Together they form a simple, secure way to display an overview of your repositories. I've made it available for my repos at repos.jonlauridsen.com if you'd like to see the end-product. And because the website never has any direct access to repositories there are no security concerns, I just need the scraper to run regularly so the underlying data is kept up to date.
The tale of how this came to be
I landed on this specific architecture after originally thinking to make a server that would simply have API access to repositories and render that information. But I felt that approach had three major drawbacks:
Servers are complex. They’re like a constantly running engine, making one that’s maintenance-free and doesn’t break down is… well it’s doable, but it sure would be nice if that whole concern could be avoided. The less moving parts the better.
Servers are costly. Okay a small server isn’t that expensive, but it’s a small cost that could run for years. Do I really want that just to have an overview of my personal repositories?
But most critically, what about security? Can I convince my company to set up a server with direct API access to all our private repositories? Forget about them, can I even convince myself? No matter what, that server would represent a constantly running attack surface and that makes me nervous.
Hence the idea of a static site.
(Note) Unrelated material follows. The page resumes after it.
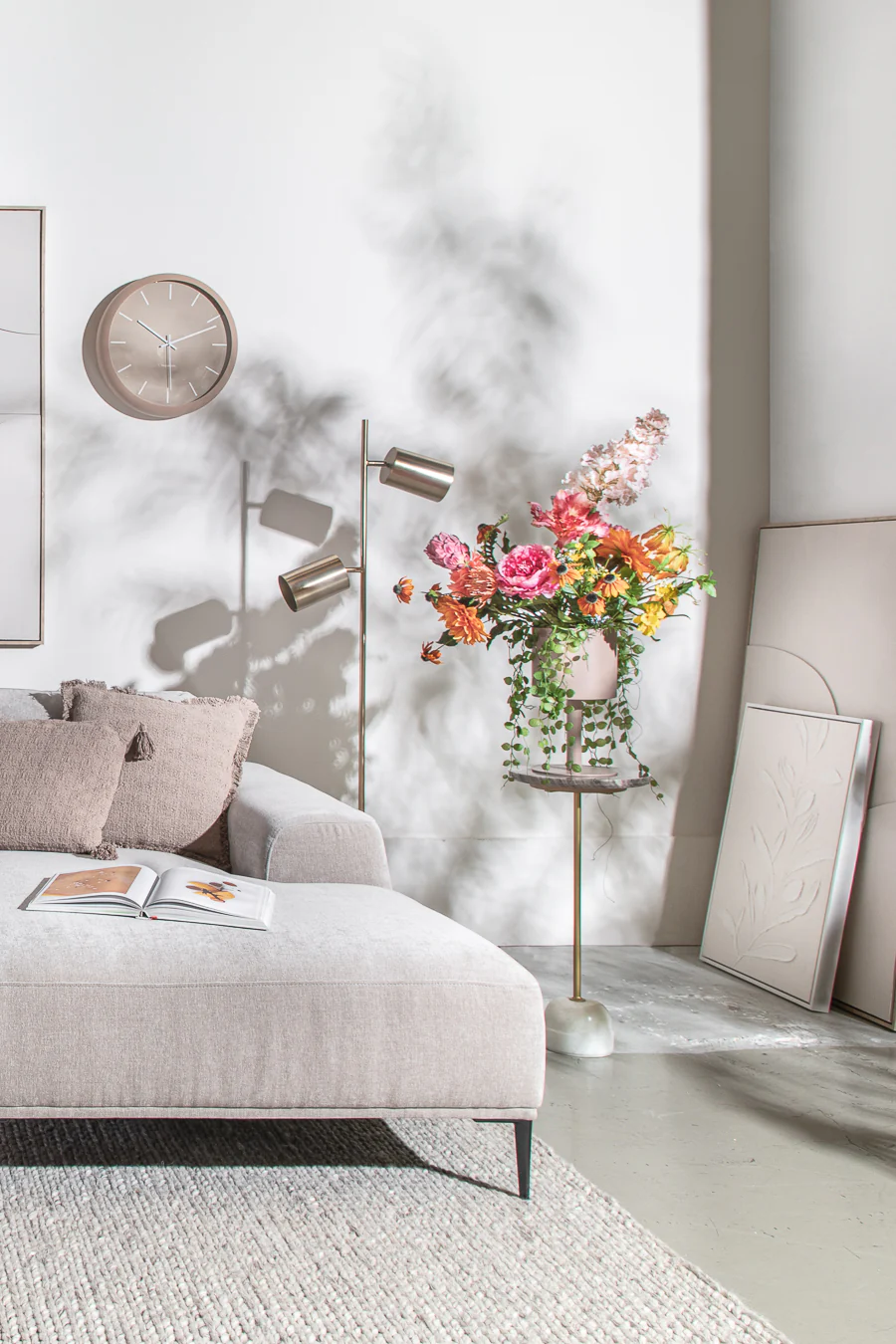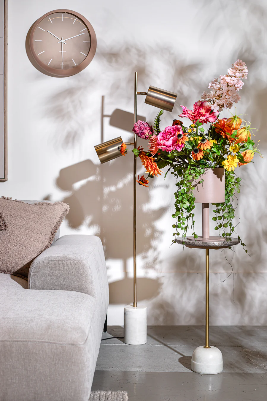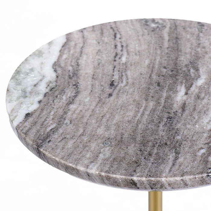שולחן שיש אדישן עגול בגוון גרדיאנט שחור- לבן. שולחן מעוצב פלטת שיש עגולה הנישאת על עמוד מוזהב דק ובסיס שיש עגול. שולחן צד מרהיב ב-קו סקיני ייחודי

That's as simple as anything on the web gets, they can be hosted for free on services like GitHub Pages or S3, and don’t expose any vulnerable surface. The CLI scraper tool would be completely decoupled and only run on demand, and its output is easy to manually inspect to ensure no unwanted information is leaked.
To get started I outlined an initial list of critical features:
Of course it should show basic repo-information like description, number of open pull-requests, etc. But I really wanted to show a list of badges (y’know, those little images that show e.g. CI status). I wanted to see which repos are failing their builds, or where I’d forgotten to add standardjs, or any of the other many kinds of badges that are popular to use.
Isolated components. One thing I knew about UI-dev was to avoid the mess I’d seen at work where the UI was one big tangled codebase with no chance of iterating on any one component. The entire app had to be started every time, and it was a giant pain.
Testable components. UIs seemed hard to test but I wasn’t about to sacrifice clean code principles. This project would be testable, come hell or high water.
One obvious immediate obstacle was I’d never done front-end work before, so I really had no clue how to do a site or what to expect in terms of complexity. But hey what better way to learn than to do a project, right?
I began by testing basic assumptions, like, is it even possible for a static site to render components based on the contents of a JSON file? At the time I didn’t know! And how can a component be isolated and tested? It was during this I came across the Next.js project, a React-based static site generator, and as I’d wanted to learn React it seemed like a great fit for my needs.
Fast forward to one year later (to the day!, my first commit was 01/01/18 and I’m writing this blog 01/01/19) the project is now ready enough to declare a success for my personal needs. Eh it’s still rough and there’s a whole list of ideas I haven’t gotten to, but the fundamentals are in place.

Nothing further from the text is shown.